Implications for You to Co-sign a Student Loan
Co-signing any note for anyone is a serious matter. It means you are guaranteeing to pay 100% of the loan if for any reason the person or persons you co-signed for defaults on their payments.
The implication to co-sign a student loan means that if your child defaults on the loan, the lending institution can come after you for the balance of the loan including interest, fees, and penalties. You can work out payments on the loan if the institution will allow you to do so, or they can ask for 100% payment of the loan on demand.
If you cannot agree to terms with the lending institution on the student loan you co-sign, the lending institution has the right to go through the legal constraints of collection. Although a student loan can not be discharged by filing for bankruptcy protection, a lending institution will still have to go through a court of law to get a judgment against you or to garnish your wages if you live within a state that allows such.

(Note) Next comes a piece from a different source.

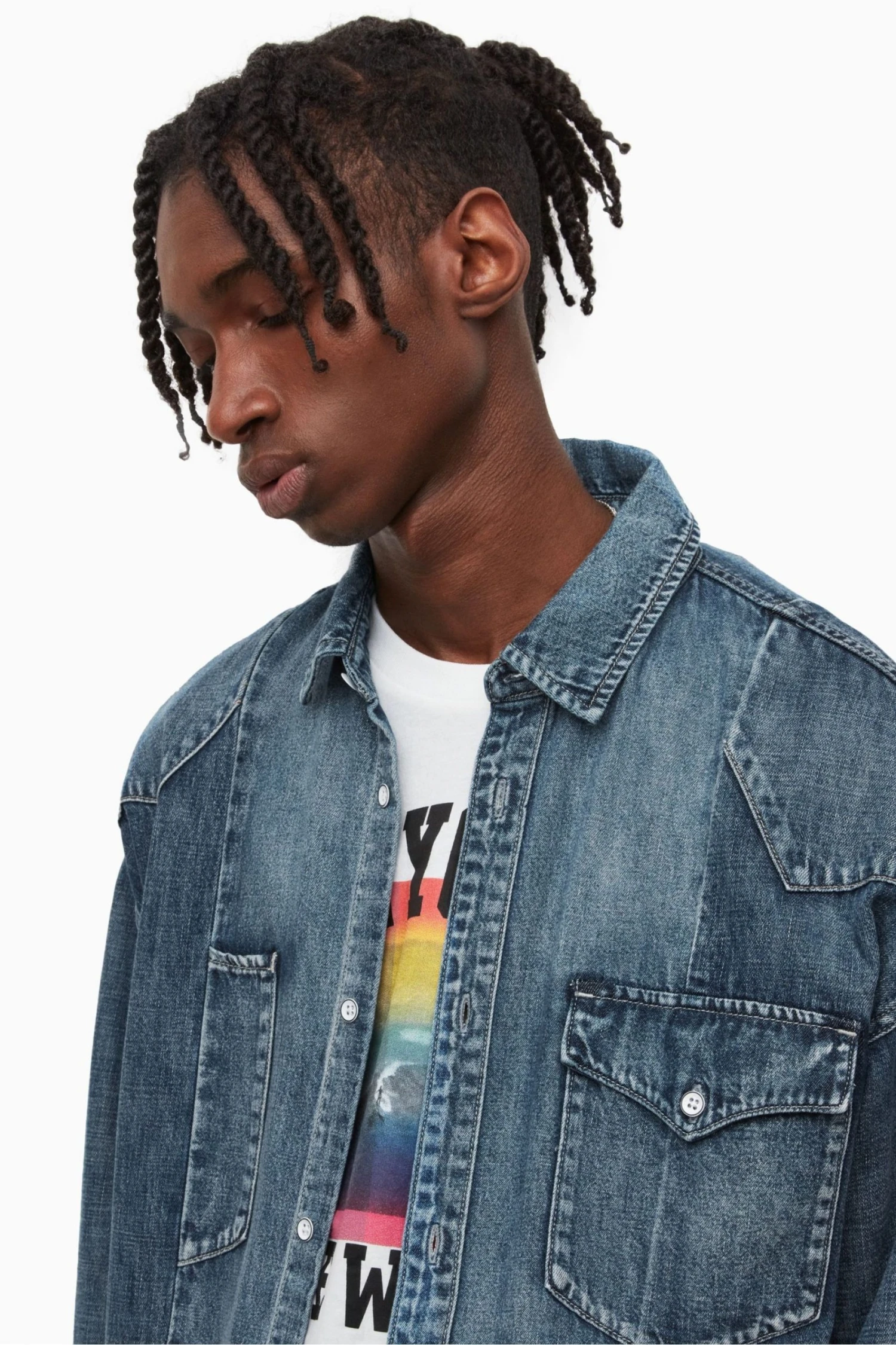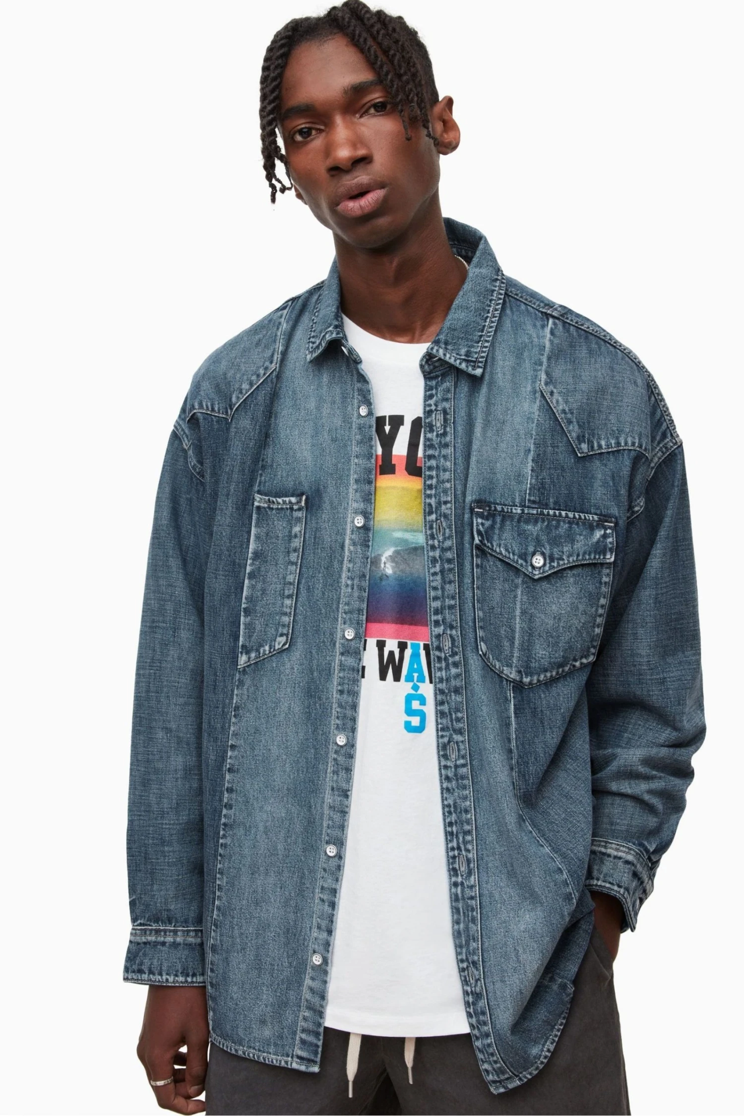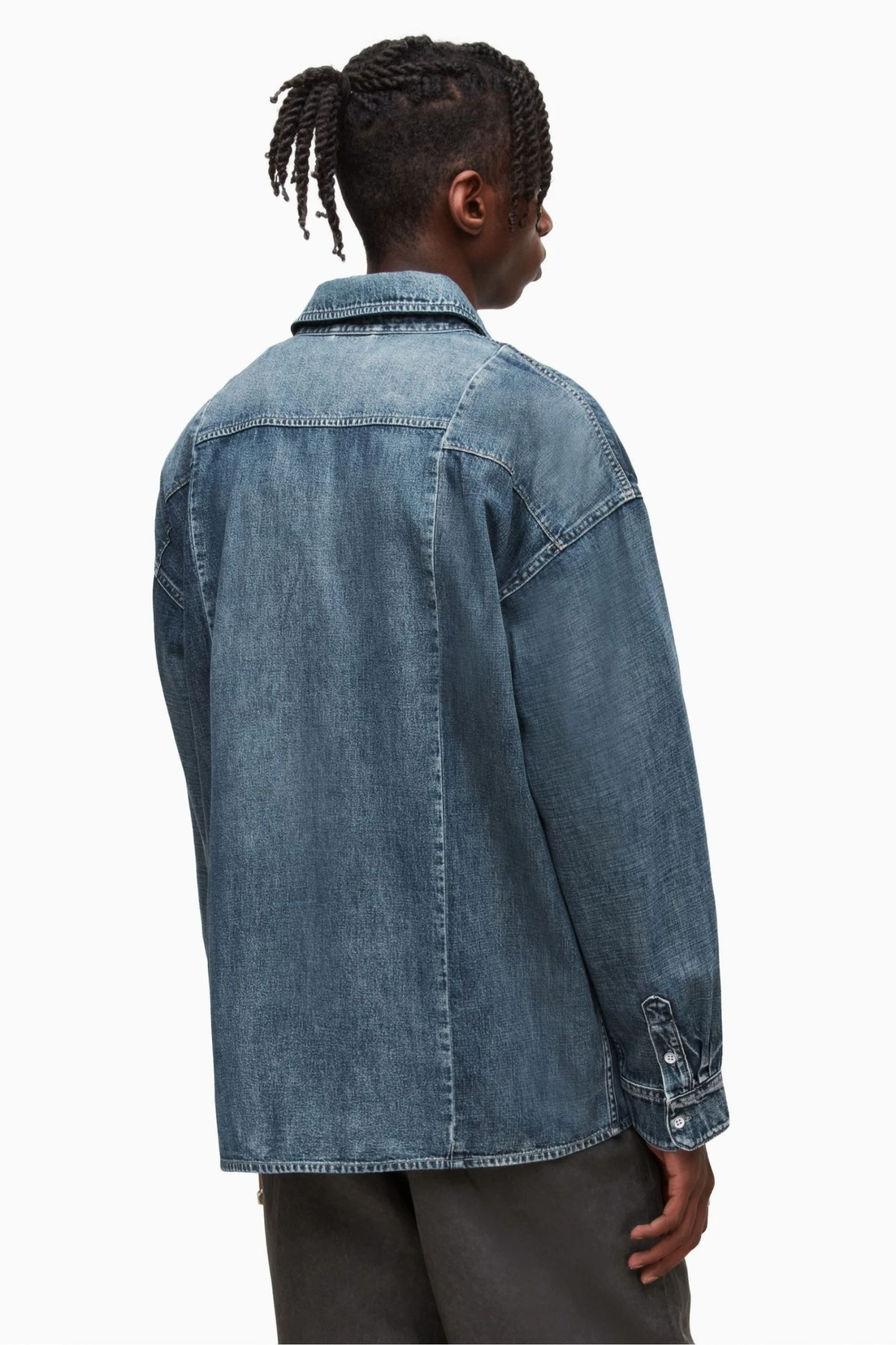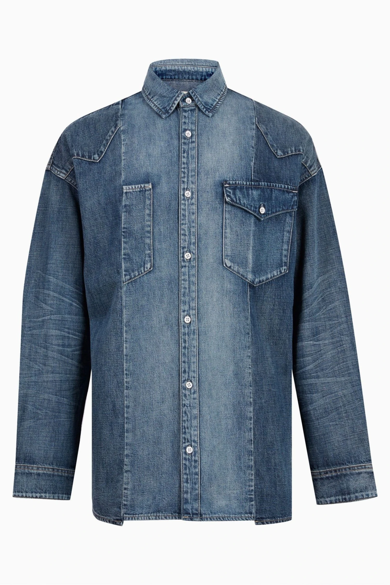 It is an oversize fit. Designed with button closure, classic collar, long sleeves. This mid indigo denim shirt features patchwokring details, front pockets with flap, button fastening, and half front pocket on right of the body (more decorative than funcitional).

Unless you have a legitimate hardship case, the student loan debt is a debt that will follow you as a co-signer until the debt is paid in full or until your life has ended, whichever comes first. A hardship case is when you have qualifying financial hardships where you cannot possibly pay off the student loan in your lifetime. The process for determining a hardship exemption is usually determined within the bankruptcy process. It is very hard to do.
Should You Co-sign for Your Child on a Student Loan?
It is probably never a good idea to co-sign for your child to receive a student loan. Why? If your child qualifies for a student loan, most government loans do not require a co-signer. Any private loans requiring a co-signer place you in a position to guarantee the future, something I have found a parent just cannot do.
Here is a personal testimony from the wife of a husband whose father co-signed his student loan. This testimony was provided on a bankruptcy forum website:
“Yesterday my husband received an email from his father saying that he will be suing him concerning a private student loan. Me and my husband had a chap 7 discharge 3 years ago and have since not really acquired anything of value or gained a substantial increase in income. My husband has a consolidated private student loan in the amount of $52k. The monthly payment is almost $500 a month, and the father has been paying half. The father recently decided to retire at 58 and doesn’t want to pay anymore. He said he found an attorney that is going to sue my husband for all the money he has paid towards this loan over the last several years and also have his name removed as cosigner on the loan. My husband has applied with the loan company to remove his dad as cosigner to avoid “bad blood”, but has been declined due to the bankruptcy and no assets to borrow against, and they also refuse to modify the monthly payment in any way.”
It is the opinion of this writer that the father will not be successful at a law suit to remove himself as co-signer unless he can prove a hardship case. That is why I think it is a bad idea to co-sign for your child’s student loan.